In short, the explosion of social media as the latest communication tool has opened up a world of opportunity for savvy business owners. To shun the most popular meeting ground on the web as irrelevant will only make your business irrelevant.

6 Responses to “7 Common Misconceptions that Business Owners have about Social Media”

  1. Dawn Westerberg Says:

    Great summary. I too was a late 90s adopter of the cell phone – I used it as a “tracker” for my teenaged son.

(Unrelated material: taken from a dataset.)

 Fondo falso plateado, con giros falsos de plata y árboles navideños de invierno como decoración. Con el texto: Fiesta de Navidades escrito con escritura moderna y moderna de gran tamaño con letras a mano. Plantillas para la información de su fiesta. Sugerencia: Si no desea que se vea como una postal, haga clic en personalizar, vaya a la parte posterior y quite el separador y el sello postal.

    I love the accellerated networking aspect of social media. There aren’t enough hours in the day for just priority emails and phone calls – Facebook and Twitter provide a great way to touch base in short but timely way.

  2. Amy Says:

    You’re right, Dawn. It’s interesting how Facebook in particular has supplanted e-mail for many types of conversations. My client is particularly concerned about opening a Pandora’s Box by becoming active on social media. They are afraid they won’t know what to say, or that visitors may use it as a forum to complain. Here was an excerpt of my response:

    “Bad reviews, whether it happens on Facebook, on someone’s blog, on Yelp, on Twitter, through e-mail, in a newspaper, or even in person, can be very damaging. If someone has a complaint, they already have dozens of very public ways to complain to the world about it. And if the complaint is real (not just a troll looking stir the pot), and steps aren’t taken to remedy the both the immediate customer service problem and the underlying cause of the problem, then that can indeed lead to a loss of business.

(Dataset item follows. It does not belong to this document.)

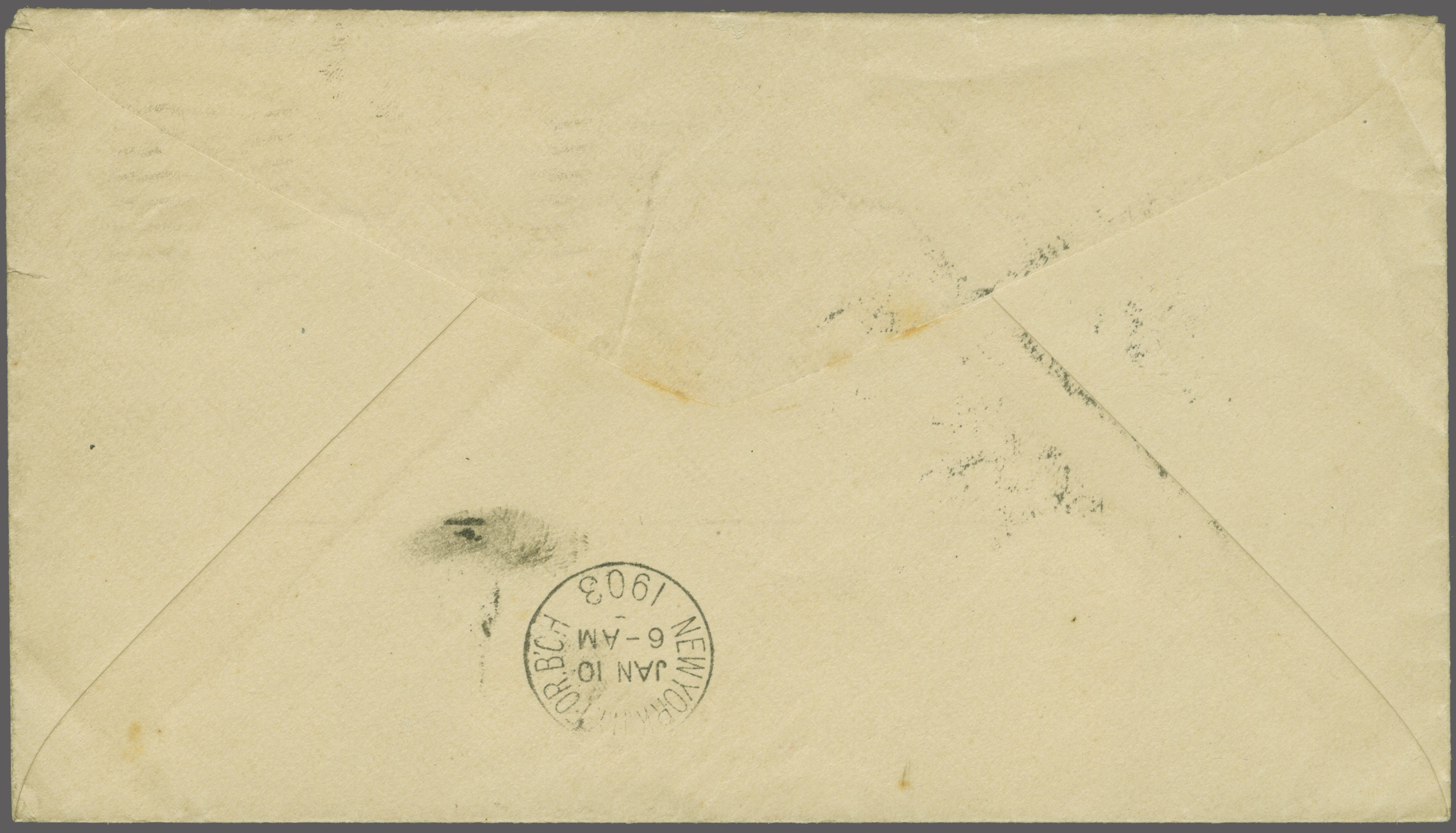 Beirut Postage Due 1903: USA 5 c. blue postal stationery envelope used from Newark, USA to Beirut, struck with "2 / T / Centimes 25" handstamp in black on despatch - underpaid as double weight and taxed upon arrival with

    By mantaining an active Facebook presence, you’re actually REDUCING your risk of negative PR. You’ll never be able to block people’s ability to complain wherever they please, or even keep track of where a complaint might be taking place, but you can create a venue for customers to complain directly to you on your Facebook page. If a complaint happens on your own turf where you can deal with it and control the management and visibility of it, then you have the ability to publicly turn an unhappy customer into a happy one, and create a lot of good PR for yourself in the process.

    It’s actually riskier to ignore social media than to participate in it.”

    We’ll see… I feel very much in the same situation as I did in 1992, trying to convince clients why they needed a website and e-mail!

    I think the key to business owner’s adoption of social media is getting them to see social media as a logical extension of their existing marketing, customer service and PR efforts, not as some complicated and frightening new bag of worms.

  3. Michelle Golden Says:

    An excellent post, Amy! Particularly loves this quote: “Social media merely reflects what’s already there.” Well done!

  4. Amy Says:

    Thanks, Michelle!

  5. Leslie Bass Says:

    With regard to FB and marketing, yours is about the only reason I can think of using it for business, i.e. hedging complaints. Lots of young people use it as a life line for everything.

    Mostly I find people spewing out notices of their very boring life as if we are interested as to what and where they ate every meal. Better yet, what they are cooking tonight. Love it when they share pics of their half-eaten plate of food. Gourmet mag they are not.

    Sometimes I even get announcements of naps, grocery store forays, headaches…etc. Such fun. Can’t figure out the reason for these posts. They can’t actually think people are that interested in their every thought? Or maybe they do!


  6. Amy Says:

    I agree about the blather that populates most personal blogs, facebook and twitter streams. Most of the chatter is dull, just as most of the chatter in real life is dull.

    But I see social media as an AWESOME business tool, and much more than just a forum to hedge complaints. It’s also a way to grow and develop your business from listening to what your clients like and don’t like. It’s a way of cementing loyalties.